Faction represented in the Knesset
- 2008–2009: Shas

Personal details
- Born: 12 September 1973 (age 52) Wolqayt, Ethiopia

= Mazor Bahaina =

Israeli politician

Mazor Mahoy Bahaina (מזור בהיינה; born 12 September 1973) is an Israeli kes, Orthodox rabbi, and former politician, who served as a member of the Knesset for Shas between 2008 and 2009.

==Biography==
Born in Wolqayt in Ethiopia, Bahaina's aliyah to Israel started with a trek on foot with his family across the Sudanese border, after which they waited for about a year and a half for immigration approval.

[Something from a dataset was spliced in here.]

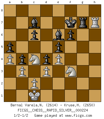 Last move : 1/2-1/2 2019 April 4 17:27:33 [Event "FICGS__CHESS__RAPID_SILVER__000224"] [Site "FICGS"] [Date "2018.11.01"] [Round "2"] [White "Bernal Varela,Nelson"] [Black "Kruse,Herbert"] [Result "1/2-1/2"] [WhiteElo "2614"] [BlackElo "2650"] 1.e4 e5 2.Nf3 Nc6 3.Bb5 Nf6 4.d3 Bc5 5.Bxc6 dxc6 6.Nbd2 O-O 7.Nc4 Re8 8.a4 Nd7 9.Be3 f6 10.O-O Bf8 11.Re1 Nb8 12.Nfd2 Be6 13.Qe2 Bf7 14.Kh1 Nd7 15.Nb3 b6 16.h3 a6 17.Qf1 c5 18.Nbd2 Be7 19.f3 c6 20.Nb3 a5 21.Nc1 b5 22.Nd2 Nf8 23.Ne2 Ne6 24.Ng3 Bg6 25.Qf2 Nd4 26.Rec1 Bd6 27.Ndf1 Bc7 28.Nd2 Qd6 29.Qg1 Red8 30.Qe1 Bf7 31.Bg1 Rab8 32.b3 h6 33.Ngf1 Qd7 34.Ne3 Be6 35.Bf2 Kh7 36.Qd1 b4 37.Rab1 Qe7 38.Qe1 Rg8 39.Nec4 Bf7 40.Bxd4 cxd4 41.Kg1 Be6 42.Qf2 h5 43.Kf1 g5 44.g4 Rh8 45.Ke1 Kg7 46.Ke2 Rh7 47.Rh1 Rbh8 48.Qg3 Rh6 49.Rbf1 R8h7 50.Kd1 Rh8 51.Kc1 Kf7 52.Qg2 Ke8 53.h4 gxh4 54.Rxh4 Qg7 55.Qf2 hxg4 56.Rxh6 Rxh6 57.Rg1 Rg6 58.fxg4 Rxg4 59.Rh1 Rg2 60.Qh4 Rg4 61.Qh5+ Ke7 62.Nf3 Qf7 63.Qxf7+ Kxf7 64.Rh7+ Rg7 65.Rh8 Rg8 66.Rh7+ Rg7 67.Rh8 Rg8 68.Rh7+ Rg7 1/2-1/2 Ruy Lopez : Berlin defense Kingside Castling by player Black (move 6) Kingside Castling by player White (move 10) This chess game ended in a draw. Follow this game move after move (download)A chess genius has died; a loss for humanity. (Viktor Kortchnoi, about Bobby Fischer's death) Ich bin der einzige Schachspieler, der sich während der Vorbereitungen zum Turnier verletzt hat. (Woody Allen) Sin errores no puede haber brillantez. (Emanuel Lasker) Pour se monter efficace, un Cavalier a besoin d'avant-postes ! Les Cavaliers font les meilleurs bloqueurs de pions passés. Lottery : A tax on people who are bad at math. (Author unknown)

On arriving in Israel, his family moved to Or Akiva, and later to Kiryat Gat. Bahaina studied in a few yeshivas, and became an ordained rabbi. After moving to Beersheba, he has worked in several socially-oriented positions to support immigrants from Ethiopia, eventually becoming the head rabbi of the Ethiopian Jewish community in Beersheba, numbering about 10,000, and a member of the local city council.

He was placed thirteenth on the Shas list for the 2006 Knesset elections. Although the party won only 12 seats, he entered the Knesset in April 2008, after Shlomo Benizri was convicted. For the 2009 elections, Bahaina was placed twelfth on the party's list, but lost his seat when Shas was reduced to eleven seats.

Bahaina lives in Beersheba. He is married, with eight children.